WHAT YOU WILL DO: An exact copy of all the data is required, with pictures left out.

---------- COLLECTED MATERIAL ----------

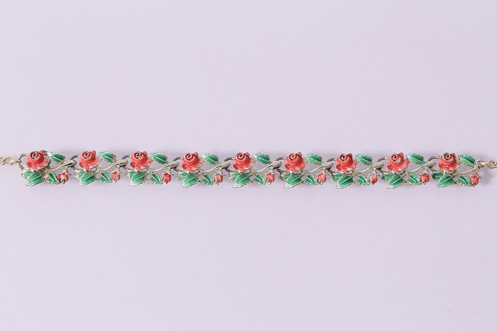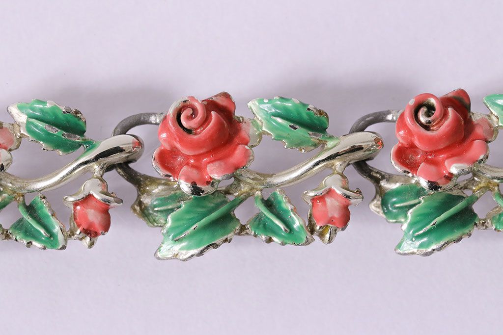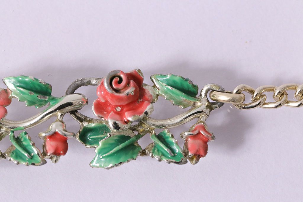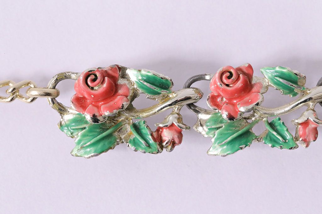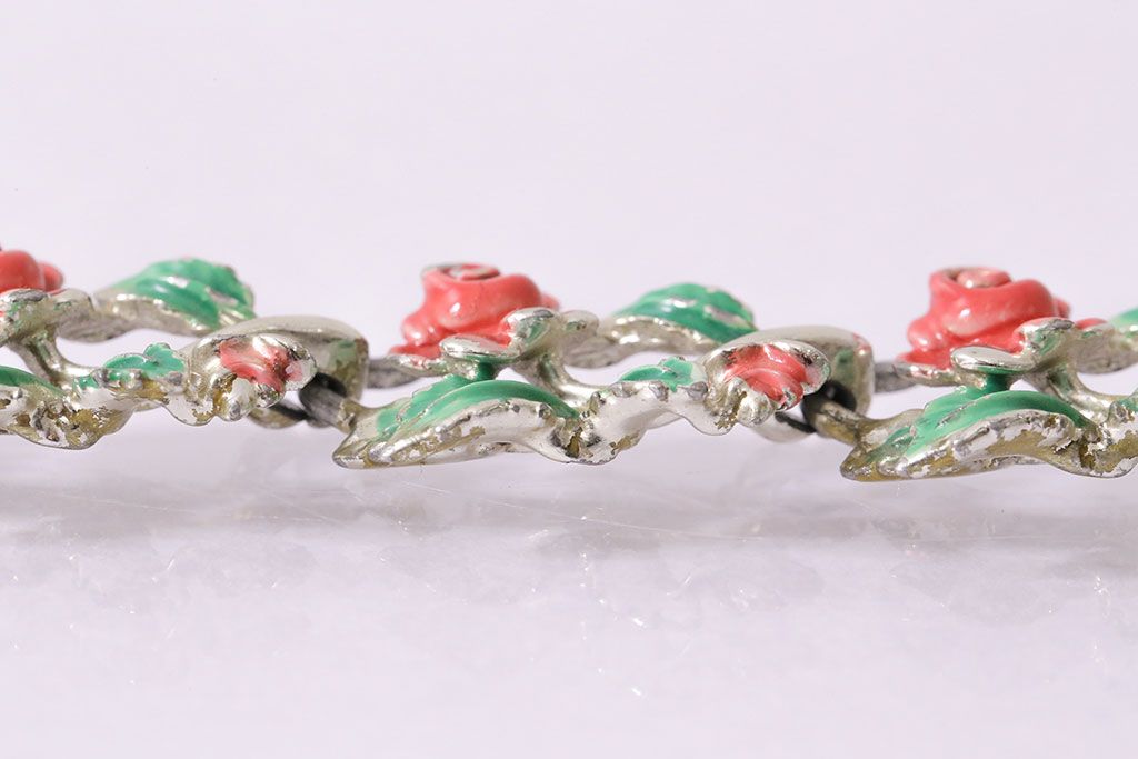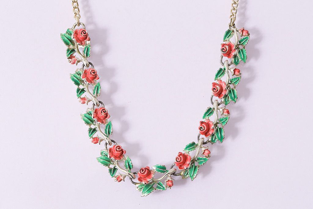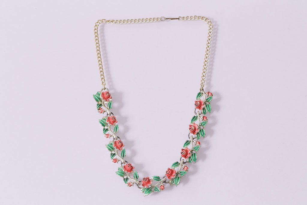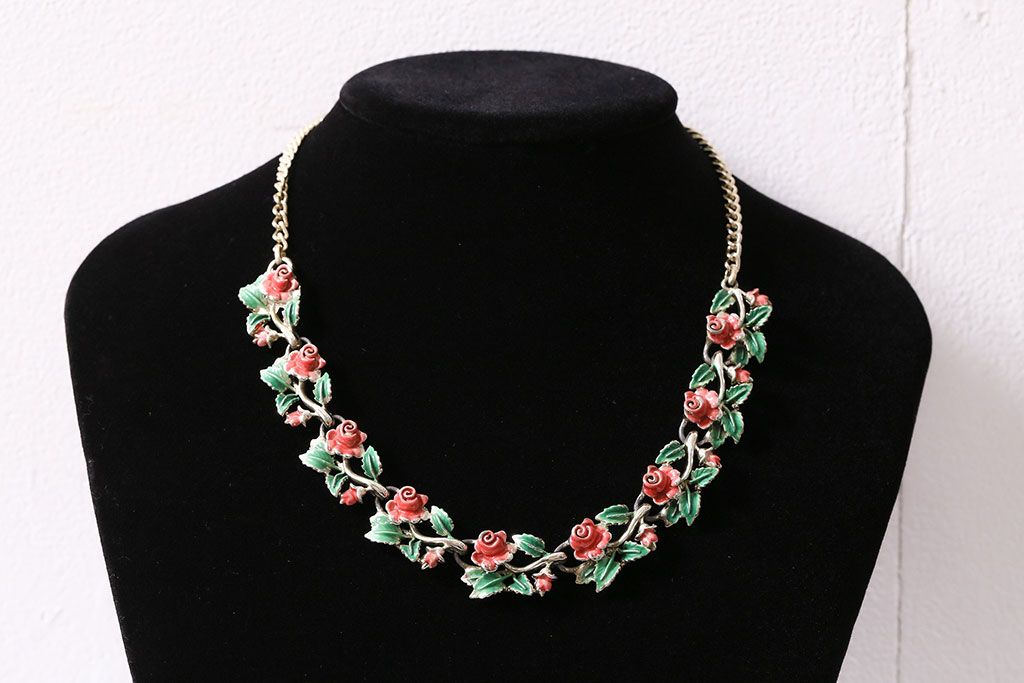 ヴィンテージアクセサリー Exquisite of Solifull 薔薇飾り ネックレス(ROSE、バラ、メタル、エナメル、ビンテージ)(R-047005)
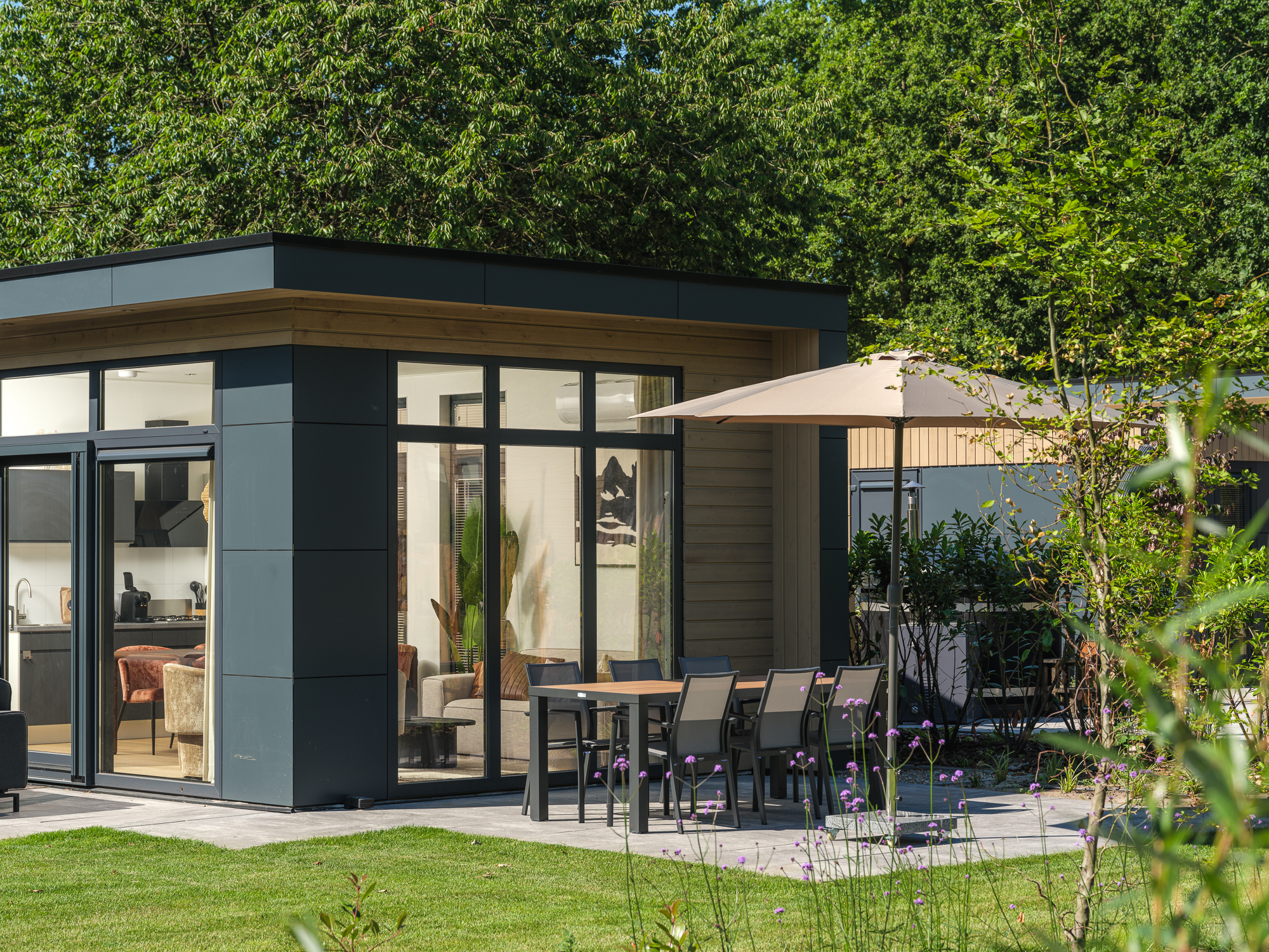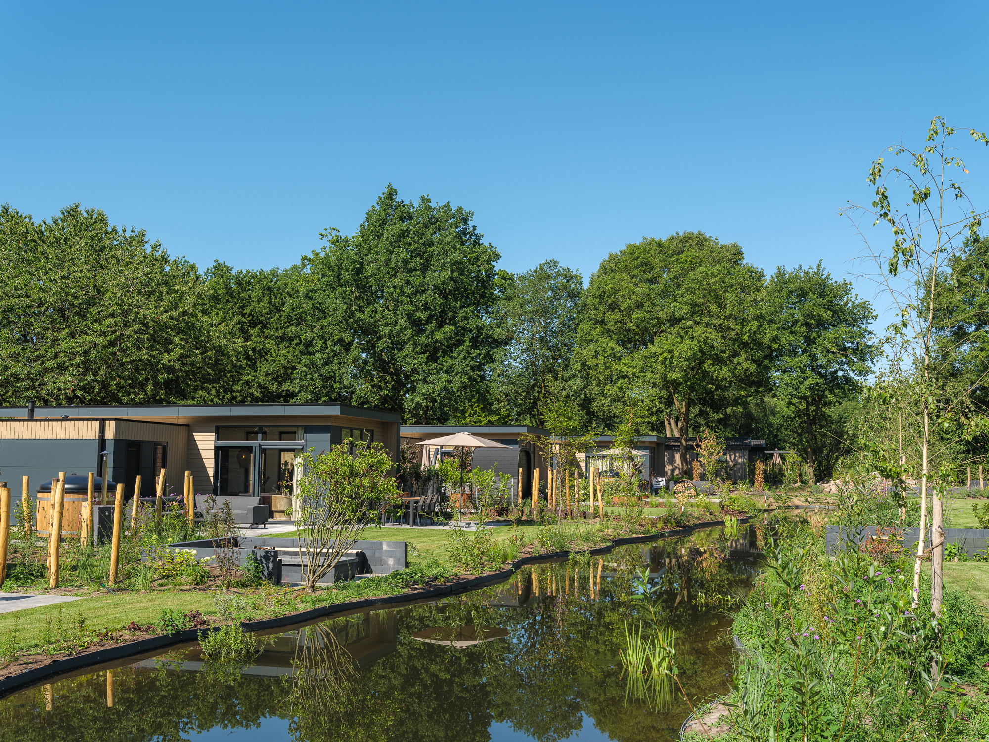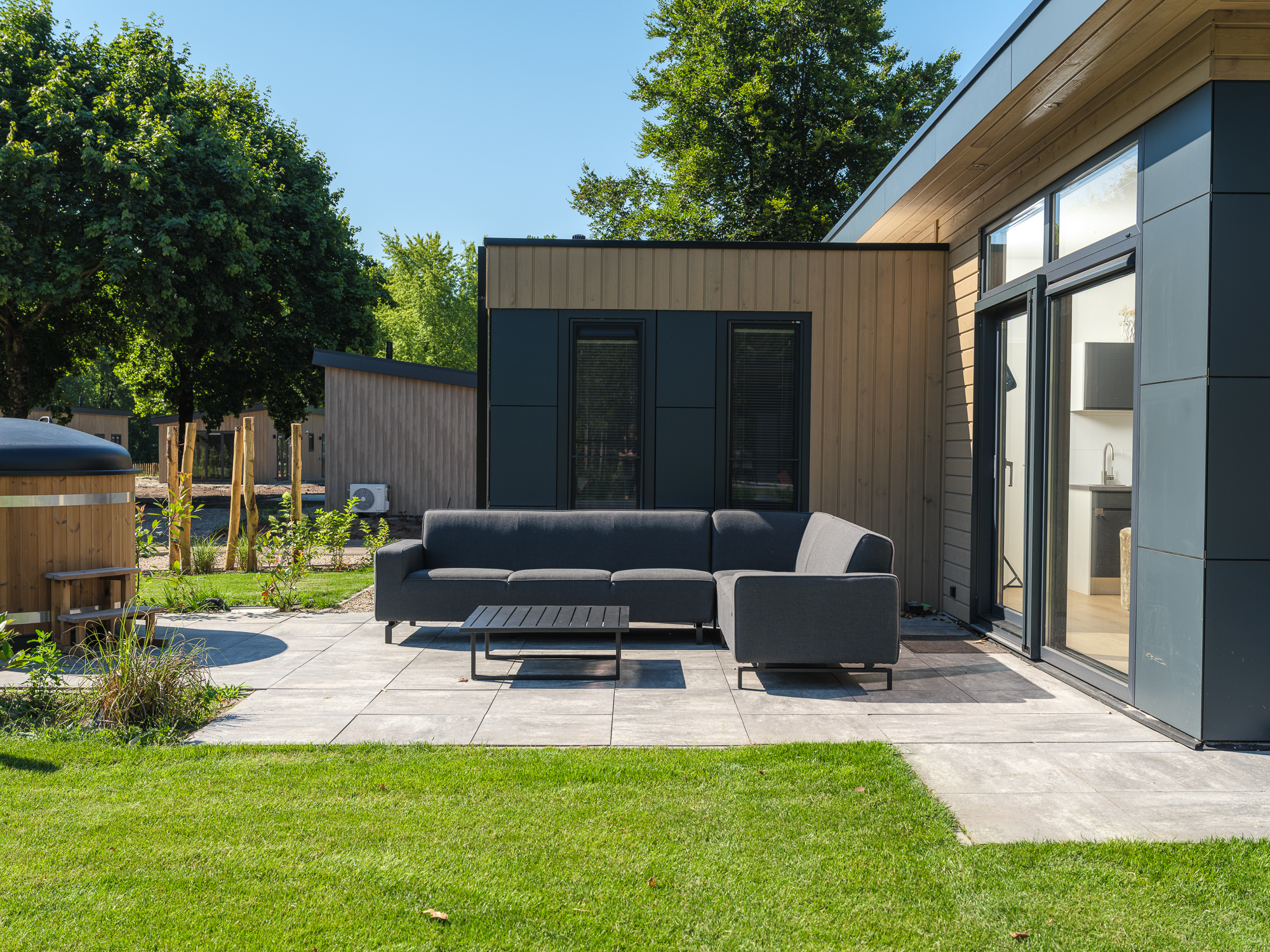 Naast de stijlvolle inrichting biedt de lodge ook extra comfort met airconditioning, die zowel kan verwarmen als koelen, voor een optimaal binnenklimaat in elk seizoen. Buiten geniet u van de luxe pergola, zodat u zelfs op warme dagen of tijdens een lichte regenbui heerlijk buiten kunt zitten.
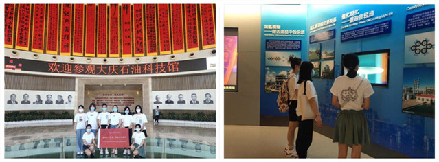 实践团来到大庆市石油科技馆,参观学习大庆油田发现50年来的科技创新发展历程,从现代的勘探技术和取油工艺了解学习我国现阶段的石油现状与前景。
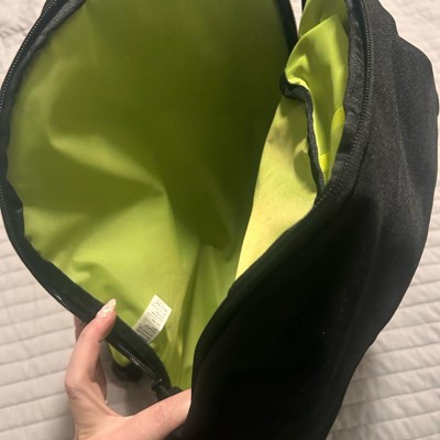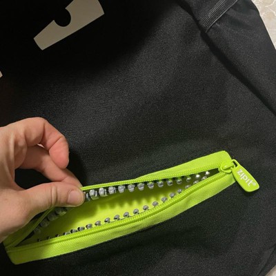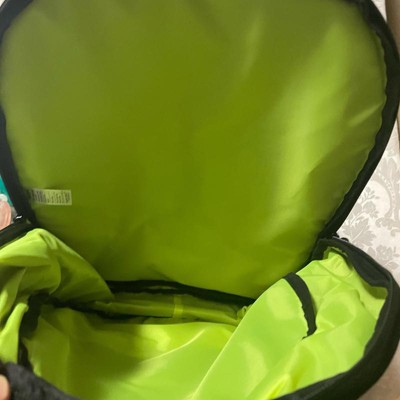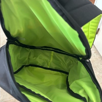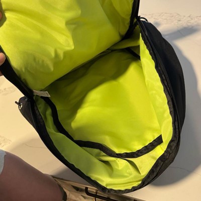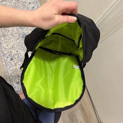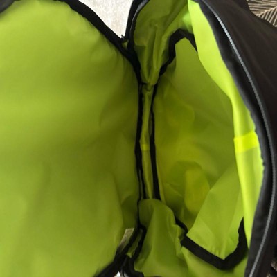 This backpack has a decent amount of space in it. It is black with fluorescent lime green trim, which is probably a good safety feature. It really only has one zipper opening. It has two side elastic bottle holders and then it has a front pocket which opens on a big chunky zipper that’s meant to look like the teeth . The straps are padded and comfortable and it’s a really fun bag.

----------

FINAL ANSWER:
 ヴィンテージアクセサリー Exquisite of Solifull 薔薇飾り ネックレス(ROSE、バラ、メタル、エナメル、ビンテージ)(R-047005)
 Naast de stijlvolle inrichting biedt de lodge ook extra comfort met airconditioning, die zowel kan verwarmen als koelen, voor een optimaal binnenklimaat in elk seizoen. Buiten geniet u van de luxe pergola, zodat u zelfs op warme dagen of tijdens een lichte regenbui heerlijk buiten kunt zitten.
 实践团来到大庆市石油科技馆,参观学习大庆油田发现50年来的科技创新发展历程,从现代的勘探技术和取油工艺了解学习我国现阶段的石油现状与前景。
 This backpack has a decent amount of space in it. It is black with fluorescent lime green trim, which is probably a good safety feature. It really only has one zipper opening. It has two side elastic bottle holders and then it has a front pocket which opens on a big chunky zipper that’s meant to look like the teeth . The straps are padded and comfortable and it’s a really fun bag.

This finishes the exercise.